Entries shown START

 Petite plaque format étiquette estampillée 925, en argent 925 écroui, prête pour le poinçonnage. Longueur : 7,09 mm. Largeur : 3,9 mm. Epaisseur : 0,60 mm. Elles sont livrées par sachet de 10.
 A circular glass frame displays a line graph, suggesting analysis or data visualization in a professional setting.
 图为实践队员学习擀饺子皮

Entries shown END
Entries shown START

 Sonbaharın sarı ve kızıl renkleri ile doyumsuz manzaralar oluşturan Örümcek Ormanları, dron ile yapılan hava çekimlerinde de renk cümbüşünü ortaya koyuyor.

Entries shown END

After locating the line with "Petite plaque format" in the material above, return it and each line after it exactly, ending at the line with "图为实践队员学习擀饺子皮".

 Petite plaque format étiquette estampillée 925, en argent 925 écroui, prête pour le poinçonnage. Longueur : 7,09 mm. Largeur : 3,9 mm. Epaisseur : 0,60 mm. Elles sont livrées par sachet de 10.
 A circular glass frame displays a line graph, suggesting analysis or data visualization in a professional setting.
 图为实践队员学习擀饺子皮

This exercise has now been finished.